Мужчина не ответил, лишь дёрнул головой и атаковал. Его движения были быстрыми, слишком быстрыми для обычного человека. Засекина едва успела активировать Прыть Зефира, ускоряя собственные рефлексы, чтобы парировать шквал ударов.
Ярослава попыталась создать дистанцию, отступив на несколько шагов и выпустив Воздушные лезвия — полупрозрачные серпы сжатого воздуха полетели к убийце. Но мужчина с невероятной точностью рассёк их скрамасаксами. С ужасом она узнала нефритовый отблеск кинжалов — аркалий, легендарный антимагический металл. Он разрезал магические конструкции, словно бумагу, и заклинания развеялись искрящимися осколками.
Засекина выругалась сквозь зубы и попробовала другой подход — Молниеносное копьё материализовалось в её левой руке. Однако стоило ей метнуть электрический снаряд, как убийца перечеркнул воздух крест-накрест своими клинками, и молния распалась, не долетев до цели, а сам пошёл на сближение.
Скрамасаксы работали в идеальной синхронии — пока один отвлекал защиту, второй искал брешь. Убийца двигался как профессионал высочайшего класса, каждый выпад был выверен, каждый финт продуман. Ярослава отступала, используя длину эспадрона, чтобы держать противника на дистанции.
Удар, блок, уход с линии атаки, контрвыпад — княжна задействовала весь арсенал приёмов. Элементы саксонской школы перетекали в итальянские техники, восточные финты сменялись классическими европейскими связками. Но противник словно предугадывал её движения, постоянно сокращая дистанцию.
При очередном схождении клинков Ярослава почувствовала, как заклинание Вихревой клинок на её мече внезапно развеялось.
Проклятье! Без магического усиления её преимущества таяли. Грозовой булат, способный проводить молнии, стал обычным, пусть и превосходным, клинком. А противник… противник демонстрировал нечеловеческую силу.
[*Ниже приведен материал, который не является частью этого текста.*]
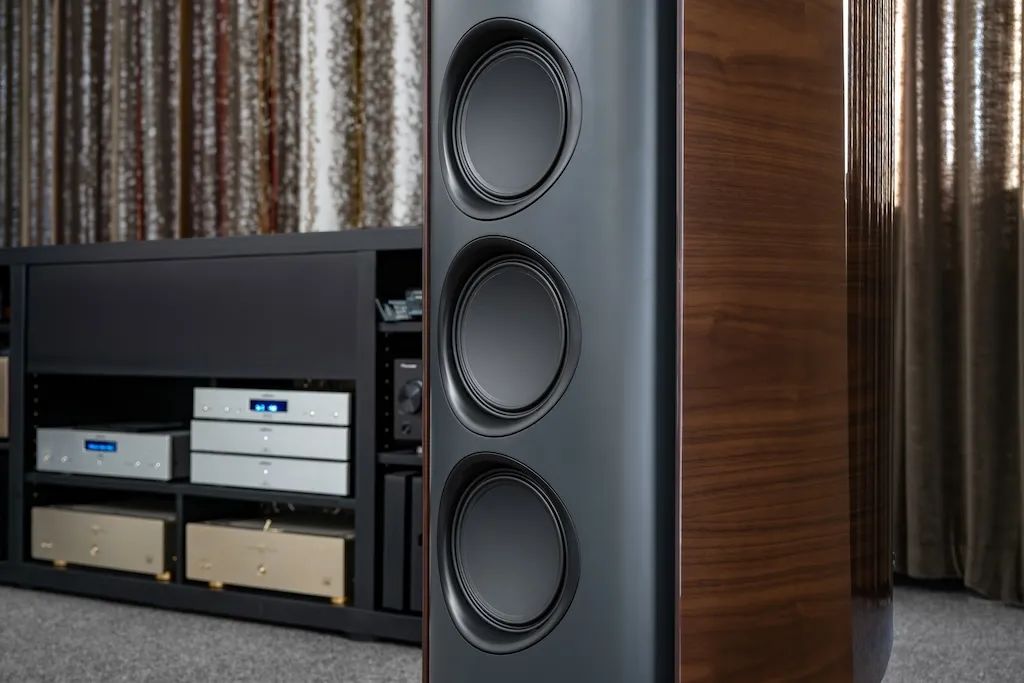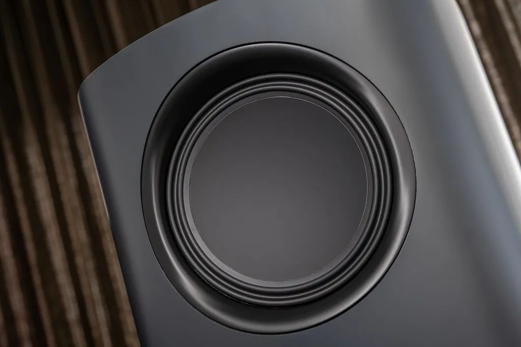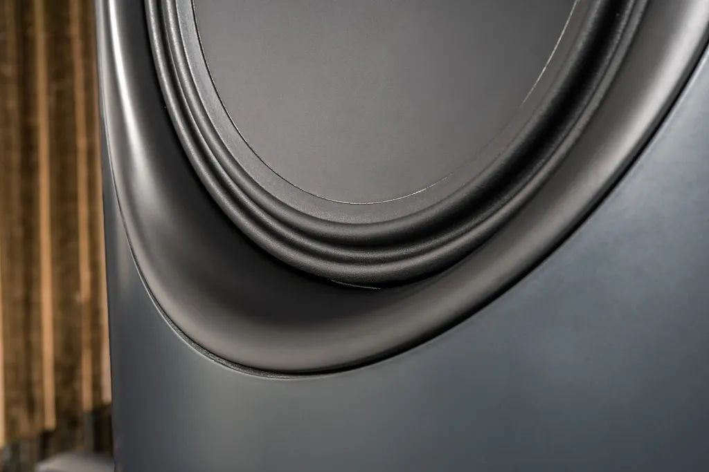 最上部的低音揚聲器。與其他三個低音單元一樣,它也采用了雙音盆設(shè)計,具有視覺上連續(xù)的音盆。

Очередной удар скрамасакса по эспадрону отозвался болью в запястьях. Руки онемели от вибрации, клинок едва не выпал из хватки. Засекина с трудом восстановила защиту, но убийца уже проскользнул внутрь её обороны.
Княжна едва успела разорвать дистанцию, но всё же жгучая боль полоснула по боку — лезвие скрамасакса вскользь задело рёбра, оставив неглубокую царапину. Но этого хватило — холодок начал расползаться от раны, а конечности налились свинцовой тяжестью. Яд!
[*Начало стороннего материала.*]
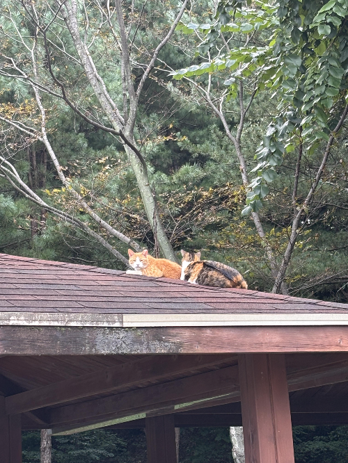공원 정자 지붕에 있는데 저길 어떻게 올라갔나 싶은데

Хуже того, прикосновение аркалия развеяло все защитные заклинания, которые Ярослава накладывала на себя. Всё исчезло, оставив её один на один с усиленным неизвестным образом убийцей.
Княжна отчаянно сражалась, но силы таяли. Яд замедлял движения, делал их вялыми и предсказуемыми. Противник теснил её к стене, методично разрушая защиту. Эспадрон становился всё тяжелее, дыхание срывалось.
Понимая, что проигрывает, Засекина собрала остатки магической энергии и направила мощный Воздушный таран вверх. Деревянные балки потолка взорвались фонтаном щепок, черепица разлетелась во все стороны, а в крыше образовалась дыра размером с колесо телеги. Грохот был оглушительным — такой шум невозможно было не услышать даже на другом конце острога. Княжна надеялась, что кто-нибудь из дозорных или патрульных поднимет тревогу и придёт на помощь.
Убийца на мгновение замер, оценивая новую угрозу, но затем лишь покачал головой:
— Умно, но помощь не успеет.
Её отяжелевшие от яда глаза пропустили чужой молниеносный рывок. Только что враг находился на расстоянии двух шагов, и вот он небрежно парировал её выпад, выбивая Бурю из ослабевших рук. Эспадрон вонзился в пол, завибрировав.
— Прости, красавица, — неожиданно прошептал мужчина. — Ничего личного, но Платонов должен умереть. Любой ценой.
В следующий миг Ярослава оказалась прижатой к стене, аркалиевые клинки сошлись ножницами, вонзаясь в дерево по обе стороны от её шеи и фиксируя голову. Холодный металл едва касался кожи.
Убийца тяжело дышал, глядя ей в глаза. В его взгляде мелькнуло что-то похожее на сожаление, прежде чем он начал сводить клинки вместе.